Tracking and config of machine learning runs
Project description
MLRun
A generic an easy to use mechanism for data scientists and developers/engineers to describe and run machine learning related tasks in various scalable runtime environments and ML pipelines while automatically tracking code, metadata, inputs, and outputs of executions. MLRun is integrate/use Nuclio serverless project and KubeFlow.
General Concept and Motivation
A developer or data-scientist writes code in a local IDE or notebook, then he would like to run the same code on a larger cluster using scale-out containers or functions, once the code is ready he or another developer need to transfer the code into an automated ML workflow (e.g. using KubeFlow Pipelines), add logging, monitoring, security, etc.
In the various (runtime
) environments we use different configurations, parameters, and data sources.
We also use different frameworks and platforms which focus on different stages in the life-cycle.
This leads to constant development and DevOps/MLops work.
As we scale we need greater computation power or GPUs, and we need to access large scale datasets, this cant work on laptops, we need a way to seamlessly run our code on a remote cluster and automatically scale it out.
When running experiments we would like to record/version all the code, configuration, outputs and and associated inputs (lineage), so we can easily reproduce or explain our results. The fact that we use different forms of storage (files, S3, ..) and databases doesnt make our life easy.
Many of those code and ML functions can be reused across projects and companies, having a function marketplace comprised of highly tuned open-source templates along side our internally developed functions can further accelerate our work.

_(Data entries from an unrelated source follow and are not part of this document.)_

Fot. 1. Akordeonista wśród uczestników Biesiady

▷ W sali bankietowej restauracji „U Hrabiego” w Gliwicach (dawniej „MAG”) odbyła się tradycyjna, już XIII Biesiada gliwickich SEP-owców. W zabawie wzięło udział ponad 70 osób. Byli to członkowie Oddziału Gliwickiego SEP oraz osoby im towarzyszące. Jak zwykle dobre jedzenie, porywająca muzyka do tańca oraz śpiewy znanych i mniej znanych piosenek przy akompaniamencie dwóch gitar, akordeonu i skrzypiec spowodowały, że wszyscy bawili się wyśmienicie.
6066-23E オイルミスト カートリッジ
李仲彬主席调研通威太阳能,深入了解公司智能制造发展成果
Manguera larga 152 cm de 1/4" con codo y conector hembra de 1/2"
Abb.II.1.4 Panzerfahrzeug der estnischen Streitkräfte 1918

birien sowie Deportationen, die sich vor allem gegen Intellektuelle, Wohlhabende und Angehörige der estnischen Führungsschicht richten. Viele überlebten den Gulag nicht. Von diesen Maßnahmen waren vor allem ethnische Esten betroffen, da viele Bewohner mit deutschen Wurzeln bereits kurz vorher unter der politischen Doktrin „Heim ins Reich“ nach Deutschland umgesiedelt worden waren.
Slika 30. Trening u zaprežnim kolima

Wouldnt it be great if we could write the code once in simple local
semantics and we can run it as is on various platforms.

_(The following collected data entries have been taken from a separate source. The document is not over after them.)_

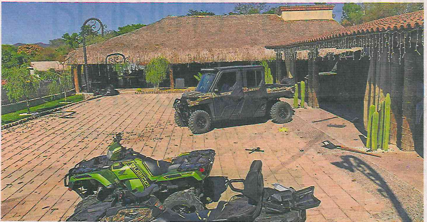
El interior de la casa donde fue capturado Ovidio Guzmán el 5 de enero de 2023 en Culiacán, Sinaloa.

La posibilidad de un acuerdo de cooperación con las autoridades se desvanece, mientras la extradición de El Nini apunta a que el destino de El Ratón está decidido y podría pasar el resto de su vida en prisión
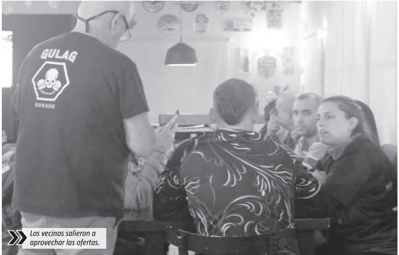
Los vecinos salieron a aprovechar las ofertas.

movimiento fue constante durante toda la jornada. En ALL Canning, Big Kahuna también se sumó a la celebración con una promoción especial que rápidamente llamó la atención de los vecinos: la cheeseburger a 5.000 pesos. La propuesta generó una importante convocatoria y el local trabajó con mesas completas durante gran parte del día. Otro de los comercios que tuvo una gran respuesta fue Fonti Cervecería, donde la cheeseburger simple se ofreció a 7.500 pesos y la doble a 10.000. Allí, muchos vecinos eligieron acercarse en familia o con amigos para aprovechar la fecha especial y compartir la cena. Por su parte, Barstow apostó por sliders a 5.000 pesos y también registró una gran cantidad de clientes. En tanto, Dolas Burger se sumó con un 50% de descuento en toda la carta, mientras que Beerning preparó promociones especiales para acompañar la movida gastronómica. Desde distintos locales destacaron que la convocatoria fue mucho mejor de lo esperada y celebraron el impacto positivo que tuvo la iniciativa conjunta entre las hamburgueserías de la ciudad. "La verdad que trabajamos muchísimo más de lo que imaginábamos para un día tan frío", señalaron desde uno de los comercios a Diario Canning. Además, remarcaron que
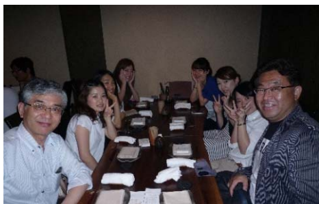
新宿『とりや』で美味しい料理を堪能
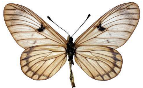
rabbaiae mâle, verso, Shimba hills (Kenya).jpg rabbaiae
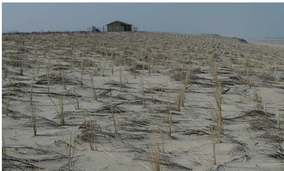
Là, protection des dunes, bravo !
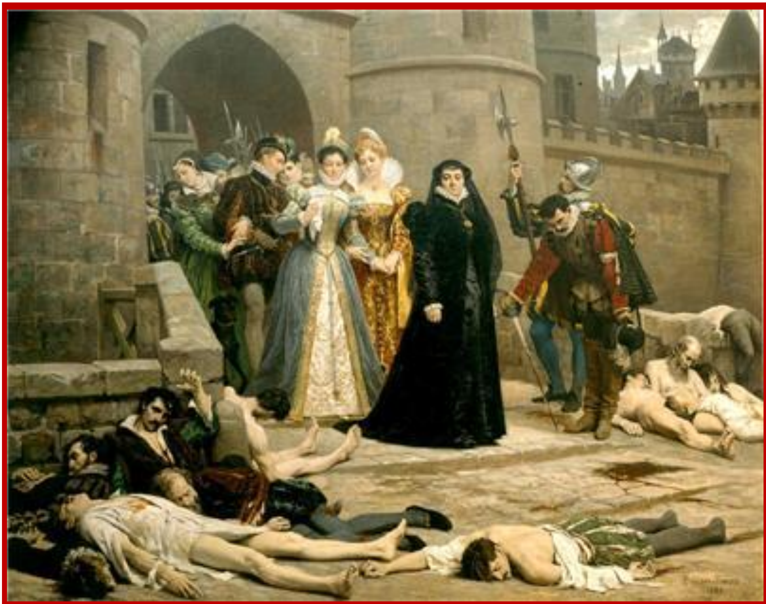
Утро около ворот Лувра. Художник Эдуард Деба-Понсан. 1880 г.

imagine a layer automate the build process, execution, data movement, scaling, versioning, parametrization, outputs tracking, etc.
a world of easily developed, published or consumed data/ML Functions
which can be used to form complex and large scale ML pipelines.
This is the goal for this package!
The code is in early development stages and provided as a reference, we would like to foster wide industry collaboration and the idea is to make all the resources pluggable, this way developers code to one API and can use various open source projects or commercial products.
Content
Installation
run pip install mlrun
to get the library and CLI
For Kubernetes cluster installation, you need to install the API service and UI,
both YAMLs can be found in ./hack
, edit according to the comments and
apply to your cluster using kubectl apply -f <yaml-file>
curl -O https://raw.githubusercontent.com/mlrun/mlrun/master/hack/mlrun-all.yaml
# as a minimum replace the <set default registry url> and <access-key> with real values
# in iguazio cloud the default registry url is: docker-registry.default-tenant.<cluster-dns>:80
# Note: must suffix :80 for local registry!!! (docker defaults to another port)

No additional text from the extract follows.